Are baptism records considered original sources like birth records?

+6 votes
149 views
WikiTree profile: Jennie Julson
asked in Genealogy Help by Linda Rosendahl G2G5 (5.4k points)
retagged by Linda Rosendahl
Yes. Baptisms were frequently conducted within a few days of birth, sometimes the same day, and often state the age of the child, or the date of birth.

Catholic Church baptism records date from the 1500s (although not all still exist), civil records typically date from the 1800s, and in some places from the 1900s.

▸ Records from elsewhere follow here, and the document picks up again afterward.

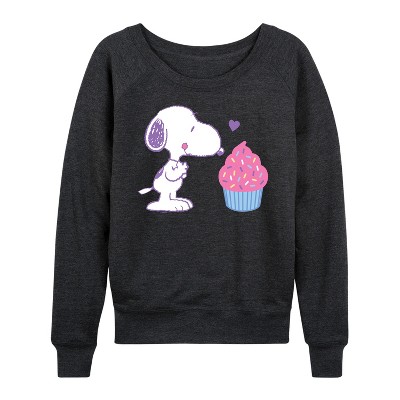 Women's - Peanuts - Snoopy Stacked Macarons Lightweight French Terry Wide Neck Long Sleeve Graphic Shirt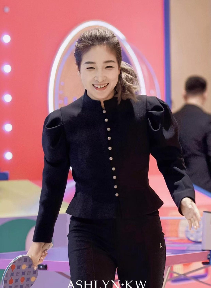 一身黑色的黑珍珠收腰衫,衣服上的珍珠很好的起到了锦上添花的作用,简单的清爽高马尾,刘诗雯姣好的面容完美展示的同时,又显得干净清爽。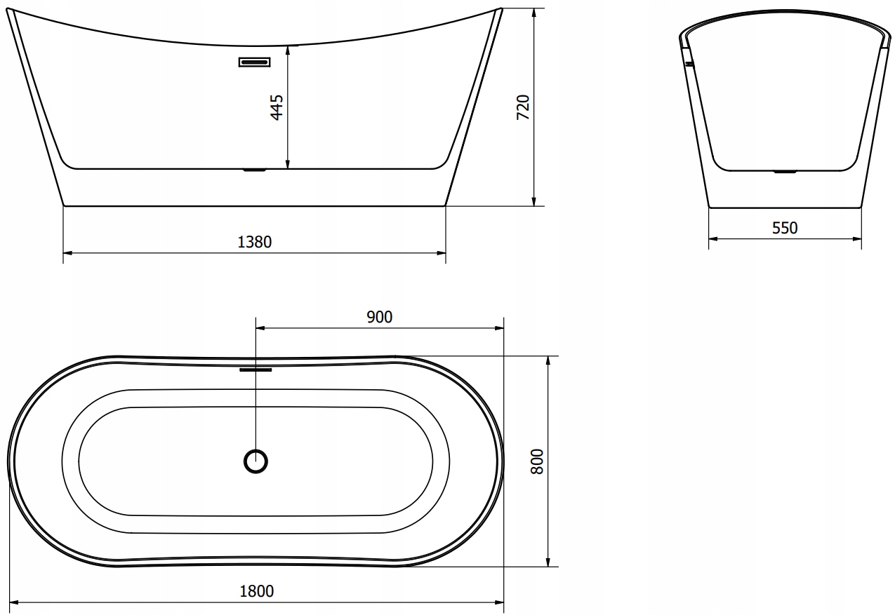 ВАННА MONTANA Окремо стояча 180 х 80 ЧОРНА + ЧОРНИЙ СИФОН 2 сорт.

However, sometimes baptisms were performed much later, especially if the person converted to another religion. These do not necessarily state the person birthdate or age.
Like any other primary record they can have errors or have secondary information. For the baptism record the baptism info would be considered primary info but the birth info could be secondary, a burial record would be considered primary for the burial info, but secondary for the death date. That is why the rule of thumb is to find three sources or documentation for each event.
Thanks very much, makes sense; and I was unaware of the rule of thumb to find three sources or documentation for each event! Good to know.

4 Answers

+11 votes
If you have Irish ancestors in the 19th century, the baptism records in the National Library of Ireland are often the only documentation you will find.   The nice thing about them is, (if you can get over the Latin in the Catholic Church records), the father's place of residence, the mother's maiden name and two witnesses (Godparents) are listed who are often close relatives.  Use the "before this date" choice for D.O.B.
answered by Bob Hanrahan G2G4 (4.8k points)
+6 votes
In some cases the baptism record may be all you have. Before introduction of civil registration the only documentation of a new family member arriving in the world was the baptism. Some churches include the actual date of birth on the baptism record, but many only state the date of baptism, so the only conclusion you can draw about date of birth is that it was before the baptism. It may even have been years before as some families baptised several children of different ages together. I recently found that one of my great uncles was baptised age 22, but I was lucky that his date of birth was included so I was able to attribute the record to the correct person.
answered by Lynda Crackett G2G6 Pilot (618k points)
0 votes
Thanks Cliff [Lien-189] for your post on Jennie's [Nelson-3298] page. That info is very helpful; her ancestors' baptismal records now also make much more sense! Do you have any idea, though, why one baptism record would state 19 June 1859 as her baptism date and another 26 June as her baptism date? Would the 19 June just be an error, given that the original church record, that you so kindly provided the link to, shows 26 June? (I put this new question under the 'Research Notes' section of her profile, along with links to the sources in question.)
answered by Linda Rosendahl G2G5 (5.4k points)
Actually there are two church books, a ministerial book kept by the parish priest and a Klokkerbok kept by the klokker who was something like a sexton for the local parish.  The priest wrote the 19th of June for the christening date but the klokker wrote the 26th.  The klokker is the local man who knows the people involved and his date is more likely to be correct but there is no way of knowing for sure.  Christened between 19-26 of June would I suppose be safest.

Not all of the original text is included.